The Google Cloud ML-engine calls the predict function of the classifier and returns the predicted class. However, I would like to be able to return the confidence score. Normally this could be achieved by calling the predict_proba function of the classier, however there doesn't seem to be the option to change the called function. My question is: Is it possible to return the confidence score for a scikit-learn classifier when using the Google Cloud ML-engine? If not, would you have any recommendations as to how else to achieve this result?

Update: I've found a hacky solution. It involved overwriting the predict function of the classifier with its own predict_proba function,

nb = naive_bayes.MultinomialNB()
nb.predict = nb.predict_proba
classifier = Pipeline([
('vect', CountVectorizer()), 
('clf', nb)])

Surprisingly this works. If anyone knows of a neater solution then please let me know.

Update: Google have released a new feature (currently in beta) called Custom prediction routines. This allows you to define what code is run when a prediction request comes in. It adds more code to the solution, but it certainly less hacky.

回答1:

The ML Engine API you are using, only has the predict method, as you can see in the documentation, so it will only do the prediction (unless you force it to do something else with the hack you mentioned).

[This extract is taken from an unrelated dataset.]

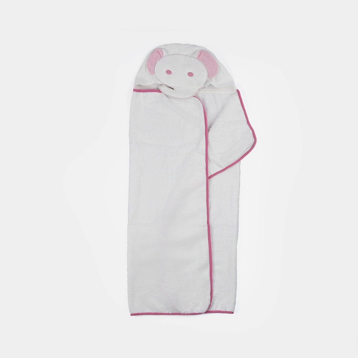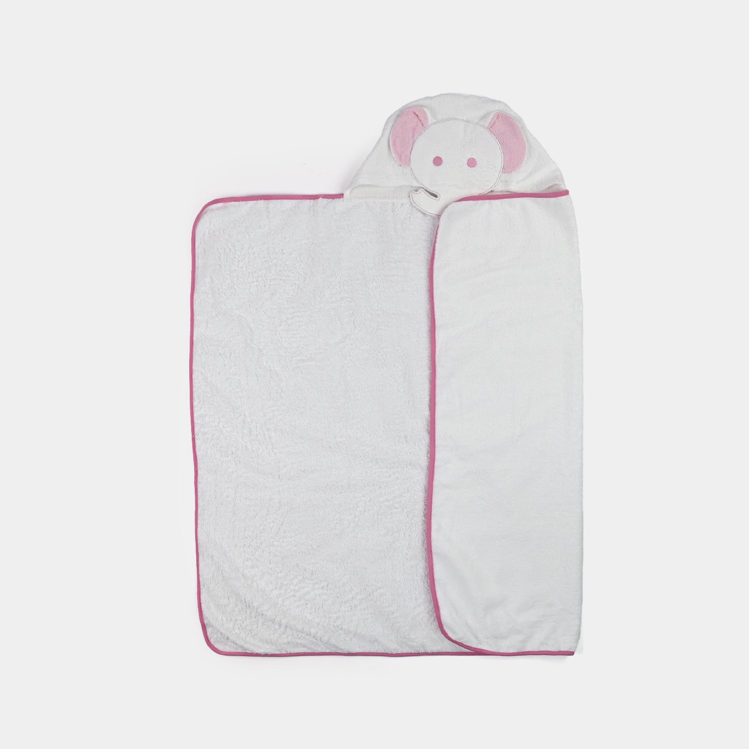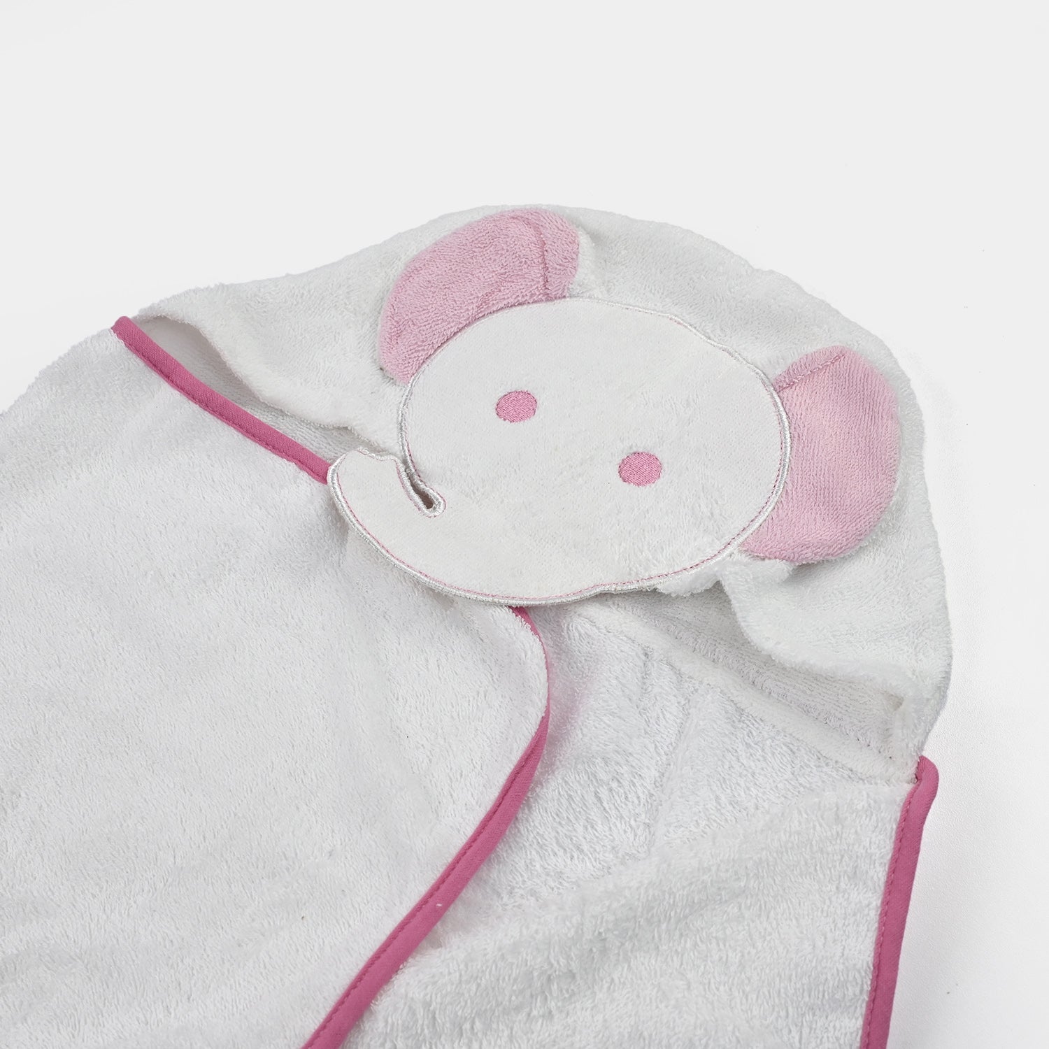 Soft cotton hooded towel designed for babies. Features excellent absorbency to quickly dry moisture while the hood provides extra warmth and coverage. Lightweight and breathable fabric is gentle on delicate skin, making it ideal for daily bath time use.

If you want to do something else with your trained model, you’ll have to load it and use it normally. If you want to use the model stored in Cloud Storage you can do something like:

from google.cloud import storage
from sklearn.externals import joblib

bucket_name = "<BUCKET_NAME>"
gs_model = "path/to/model.joblib"  # path in your Cloud Storage bucket
local_model = "/path/to/model.joblib"  # path in your local machine

client = storage.Client()
bucket = client.get_bucket(bucket_name)
blob = bucket.blob(gs_model)
blob.download_to_filename(local_model)

model = joblib.load(local_model)
model.predict_proba(test_data)